0

During the training process of metric learning, if the cost function is convex, then I can use the gradient descent method, and get the optimal solution.

Now, I want to train N(N may be very big, such as 100) metrics from a training set, and one method is adjust the cost function to enable these N metric to combine as a big metric matrix and use the gradient descent method, However, if the N is very big, this method is not very good, in this condition, is there some "alternative optimization" method I can use?, Is it ok that I fix 2th~Nth metrics and make gradient descent for only 1th metric and then fix 1th, 3th~Nth metrics and make gradient descent for only the 2th metric. Is there some essential condition for such "alternative optimization" method

Ali
  • 56,466
  • 29
  • 168
  • 265
  • What gradient descent method are you using? – Benjamin Gruenbaum May 18 '14 at 09:24
  • This depends heavily on the function you are optimising (how separable are the dimensions).
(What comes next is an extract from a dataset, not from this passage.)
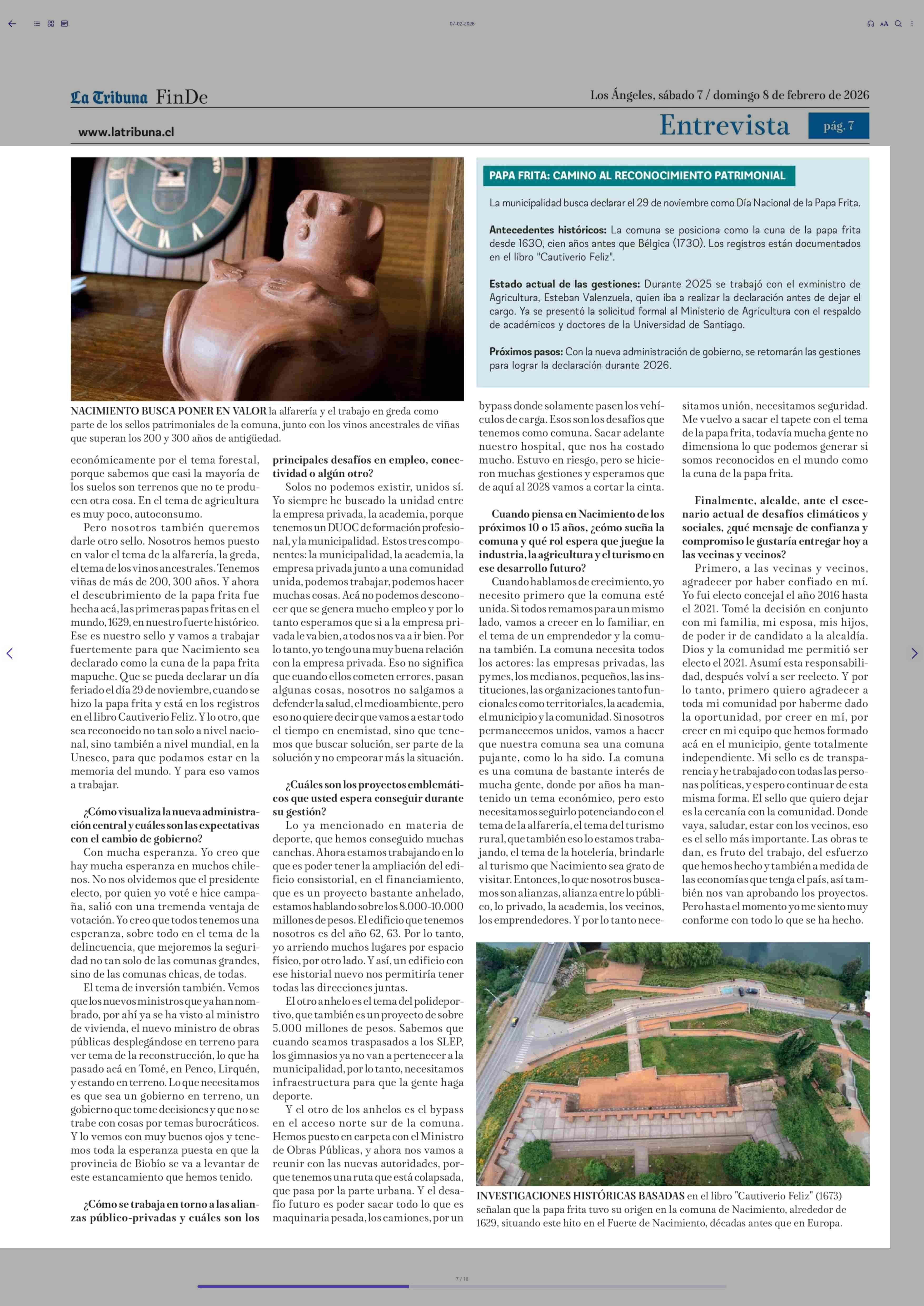 Título: Carlos Toloza Soto: "Queremos que Nacimiento sea reconocido como la cuna mundial de la papa frita mapuche"

Sometimes you have to do it all at once, sometimes one at a time is fine, sometimes one at a time or batches, with multiple passes (batches with multiple passes is the compromise I often favour) – Dave May 18 '14 at 12:49

1 Answers1

0

the AO method can't get the optimal solution , even the local optimal solution can't be. because the N convex problems can't reach the KKT conditions at the same time.